[1996] 1 FLR 414



Kate Branigan KC


Family Division


The father was American and the mother was English. Their children were of dual nationality. The mother came to England with the children for holidays. The parents separated in 1994 for a period of time and in 1995 the mother flew to England with the children and remained. The mother intended to settle permanently in England. The father stated that he had only agreed to the mother coming to England with the children for a holiday and he applied for the return of the children under the provisions of the Child Abduction and Custody Act 1985 and the Hague Convention on the Civil Aspects of International Child Abduction 1980.

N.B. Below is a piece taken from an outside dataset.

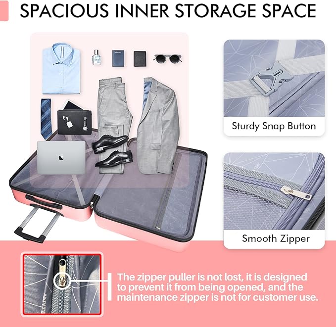 - [Larger storage space] We have adopted a more scientific structure design to maximize the use space in the box, and reasonable internal partitions make your luggage more tidy and can accommodate more.

Held – refusing the father’s application – if the father did not consent to the mother’s permanent removal of the children prior to her coming to England, then there was nothing in his subsequent conduct or in his delayed action which could possibly constitute acquiescence. The sole effective issue in this case was consent (see p 416A-F below). The Convention intended that once it had been shown that there had been a removal from or retention away from the State of habitual residence, which was prima facie in breach of rights of custody, and consent was put in issue, then the onus shifted firmly onto the person who opposed the return of the child to prove that the removal or retention was by consent (see p417F below). The means of proof would vary and might include oral evidence from the parties. It was possible in an appropriate case to infer consent from conduct and the issue of consent needed to be proved on the balance of probabilities although the evidence in support of it needed to be clear and cogent (see pp 418G-419D below). The effect of consent under Art 13(a) was simply to open the door to the exercise of discretion (see p 423B-C below).